Split-Brain Syndrome

In general, network partitioning is a network failure that causes the members to split into multiple groups such that a member in a group cannot communicate with members in other groups. In a partition scenario, all sides of the original cluster will operate independently assuming members in other sides are failed. Network partitioning is also called as Split-Brain Syndrome.

Even though this communication failure is called as network partitioning, in practice a process or an entire OS that's suspending/pausing very long can cause communication interruptions. If these interruptions take long enough time to assume that the other side is crashed, the cluster splits into multiple partitions and they start operating independently. That's why any communication failure/interruption long enough can be classified as network partitioning.

Moreover, communication failures don't have to be symmetrical. A network failure can interrupt only one side of the channel or a suspended process/member may not even observe the rest as crashed. That kind of network partitioning can be called as partial network partitioning.

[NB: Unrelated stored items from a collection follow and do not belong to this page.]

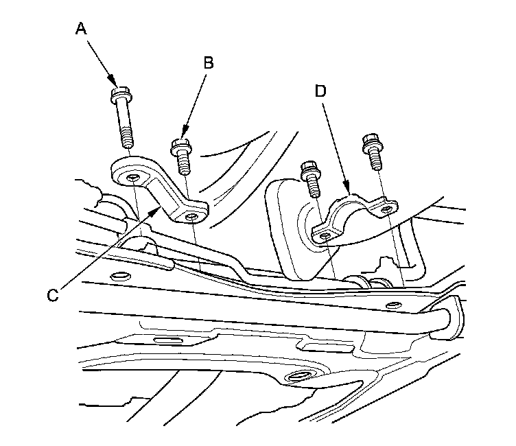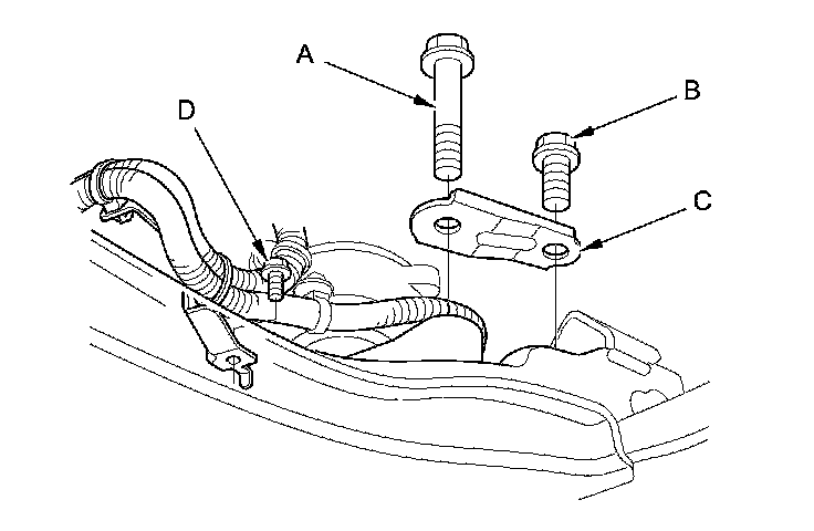 38. EPS model: Remove the steering gearbox mounting bolt (A), the stiffener mounting bolt (B), the stiffener (C), and the bolt (D) securing the harness clamp bracket.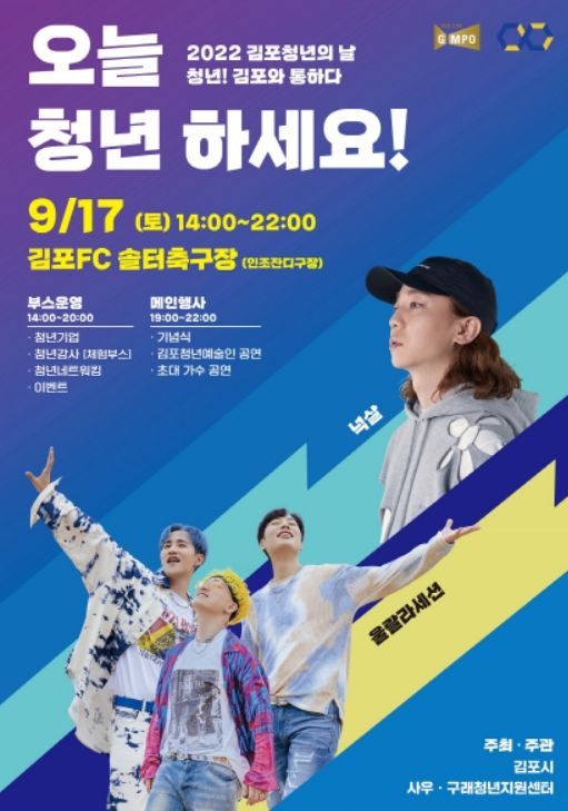 9월 17일 김포FC 솔터구장 인조잔디구장에서 열리는 ‘김포 청년의 날 행사’는 청년 단체와 기업 홍보 및 다양한 체험 이벤트가 펼쳐지고 오후 7시 개최되는 기념식에서는 김포 시민과 청년들이 청년의 날을 기념하며, 김포 청년 예술인과 넉살, 울랄라 세션의 공연이 있을 예정이다.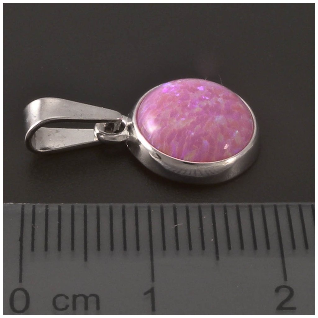 Tento kulatý přívěsek z rhodiovaného stříbra osazený syntetickým růžovým opálem působí jemně a elegantně. Barevná struktura kamene s odlesky dodává šperku originalitu a hravost. Hladké zasazení zvyšuje odolnost a umožňuje snadnou kombinaci s jinými šperky. Perfektní k jemnému i lehce silnějšímu řetízku a náušnicím stejného provedení.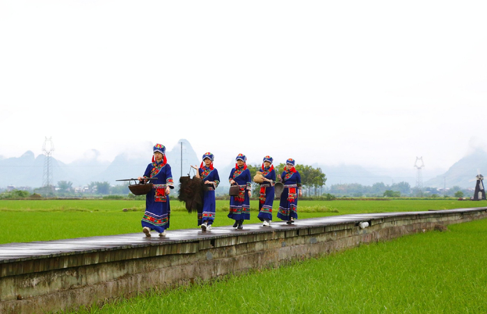 柳城县古砦仫佬族乡的姑娘们身着精美的民族服饰,手拿农具,穿梭在稻田之间。八桂大地壮美画卷,每一帧都是动人心魄的美好瞬间。(柳城县纪委监委供 覃韵/摄)

Dealing with Network Partitions

Hazelcast handles network partitions using the following solutions:

  • Split-Brain Protection (Quorums): Split-Brain Protection could be used when consistency is the major concern on a network partitioning. It requires a minimum cluster size to keep a particular data structure available. When cluster size is below the defined quorum size, then subsequent operations will be rejected with a QuorumException. See Split-Brain Protection section.

  • Split-Brain Recovery (Merge Policies): Split-Brain Recovery is to make data structures available and operational on both sides of a network partition, and merge their data once the network partitioning problem is resolved. See Split-Brain Recovery section.

image NOTE: Split-Brain Recovery is not supported for the data structures whose in-memory format is NATIVE.